• _Aim of the exercise_:
Every record below is to be retyped exactly, with the pictures left out.
··· Dataset
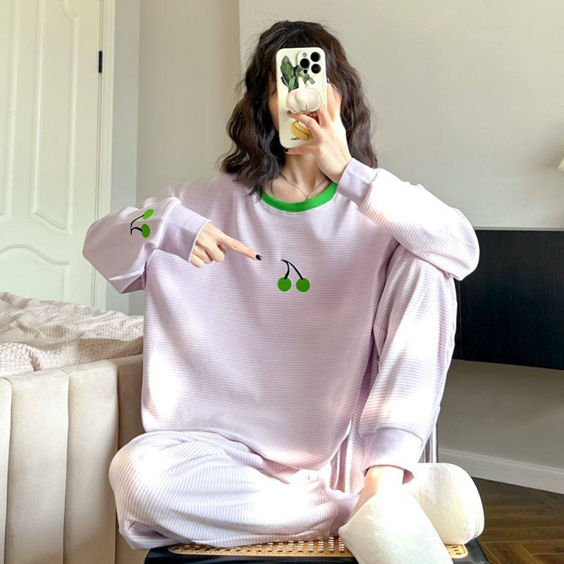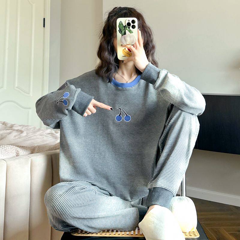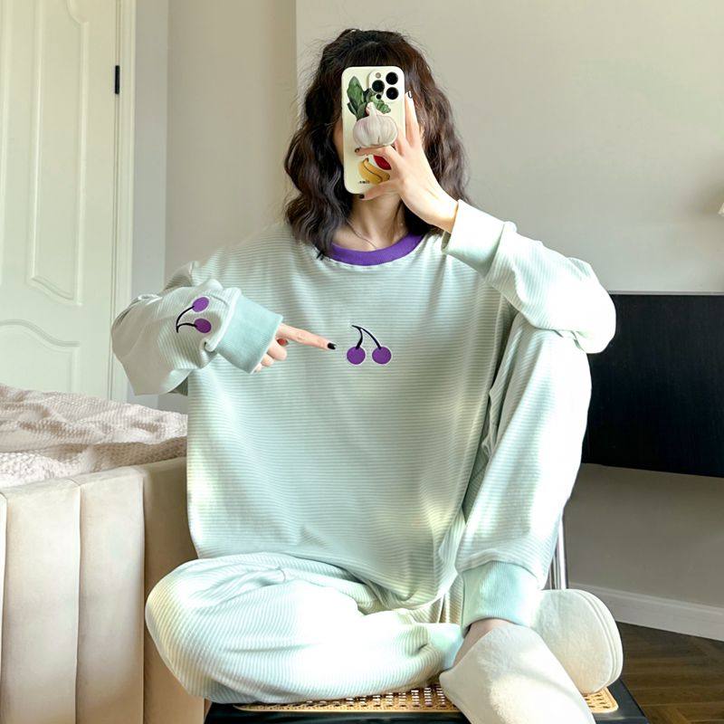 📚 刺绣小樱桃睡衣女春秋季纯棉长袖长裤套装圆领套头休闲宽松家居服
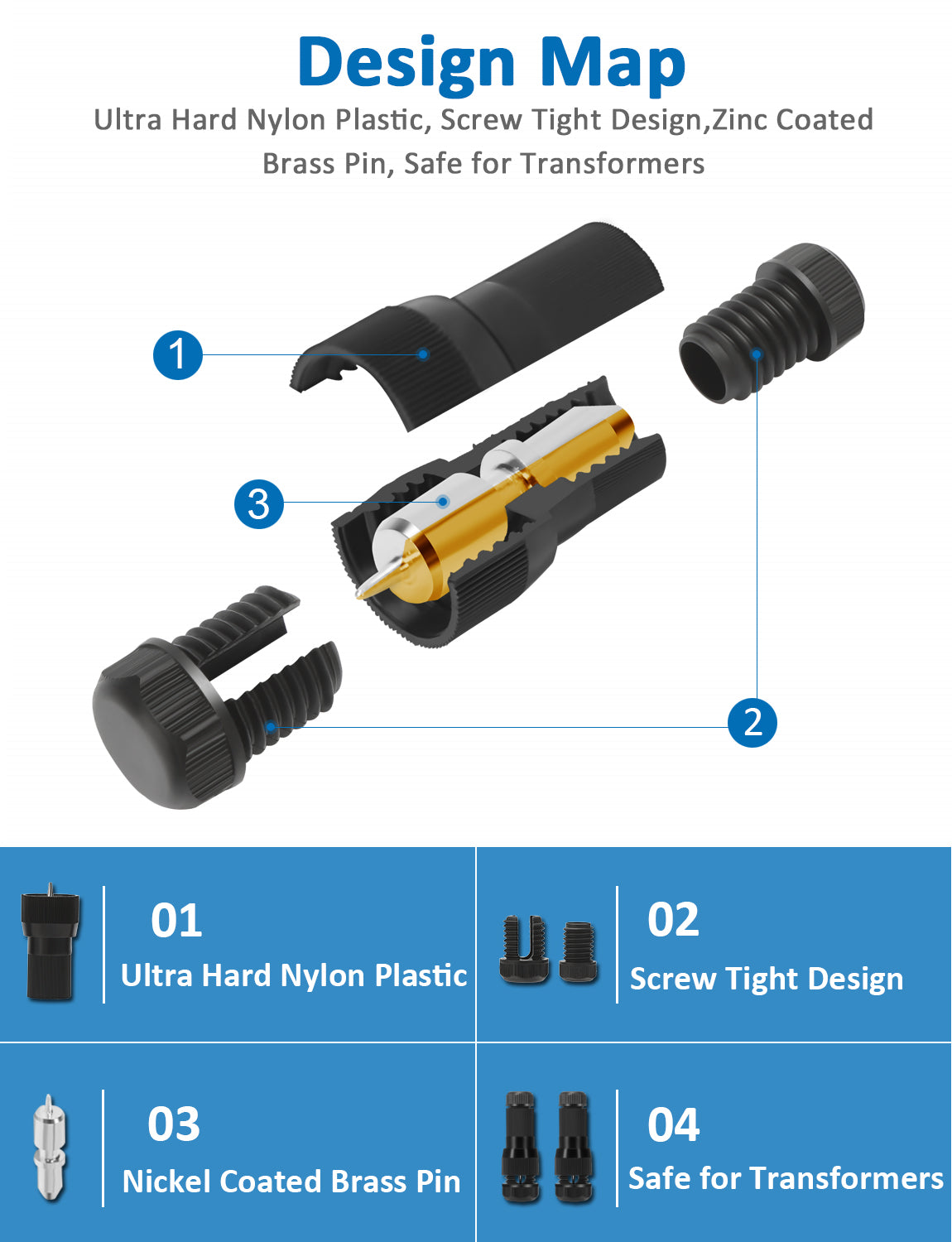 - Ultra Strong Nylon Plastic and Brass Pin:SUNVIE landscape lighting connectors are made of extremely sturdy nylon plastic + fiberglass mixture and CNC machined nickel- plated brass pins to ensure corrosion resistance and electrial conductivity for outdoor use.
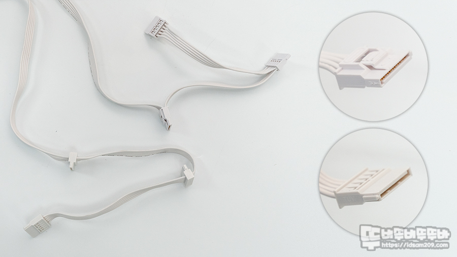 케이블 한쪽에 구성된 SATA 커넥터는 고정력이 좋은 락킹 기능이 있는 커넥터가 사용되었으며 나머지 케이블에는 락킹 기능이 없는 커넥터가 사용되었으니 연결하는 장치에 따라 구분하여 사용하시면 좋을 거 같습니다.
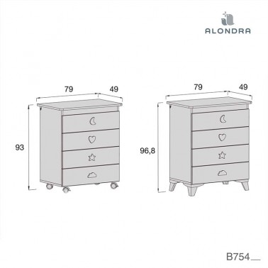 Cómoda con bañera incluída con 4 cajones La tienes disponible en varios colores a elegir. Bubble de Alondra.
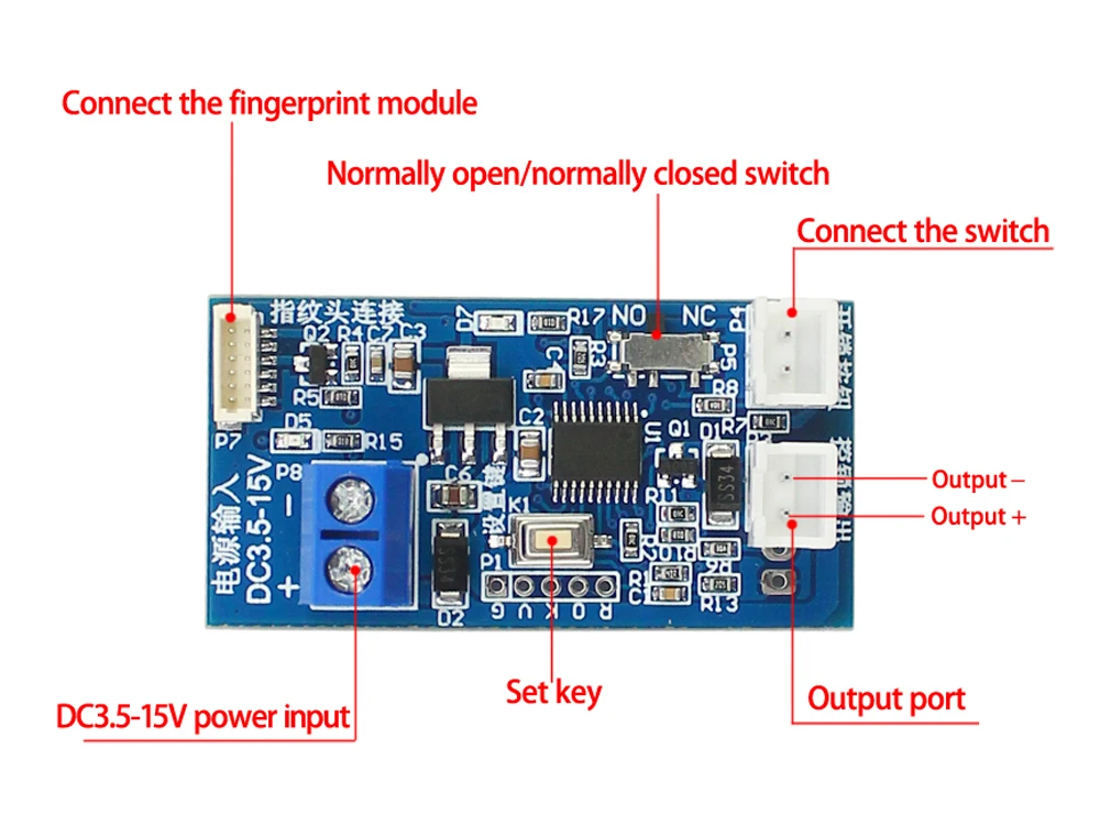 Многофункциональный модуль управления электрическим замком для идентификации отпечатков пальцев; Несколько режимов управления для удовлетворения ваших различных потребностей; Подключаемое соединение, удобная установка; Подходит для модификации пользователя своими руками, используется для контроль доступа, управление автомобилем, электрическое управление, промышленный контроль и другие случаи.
······
• _Task output_:
 📚 刺绣小樱桃睡衣女春秋季纯棉长袖长裤套装圆领套头休闲宽松家居服
 - Ultra Strong Nylon Plastic and Brass Pin:SUNVIE landscape lighting connectors are made of extremely sturdy nylon plastic + fiberglass mixture and CNC machined nickel- plated brass pins to ensure corrosion resistance and electrial conductivity for outdoor use.
 케이블 한쪽에 구성된 SATA 커넥터는 고정력이 좋은 락킹 기능이 있는 커넥터가 사용되었으며 나머지 케이블에는 락킹 기능이 없는 커넥터가 사용되었으니 연결하는 장치에 따라 구분하여 사용하시면 좋을 거 같습니다.
 Cómoda con bañera incluída con 4 cajones La tienes disponible en varios colores a elegir. Bubble de Alondra.
 Многофункциональный модуль управления электрическим замком для идентификации отпечатков пальцев; Несколько режимов управления для удовлетворения ваших различных потребностей; Подключаемое соединение, удобная установка; Подходит для модификации пользователя своими руками, используется для контроль доступа, управление автомобилем, электрическое управление, промышленный контроль и другие случаи.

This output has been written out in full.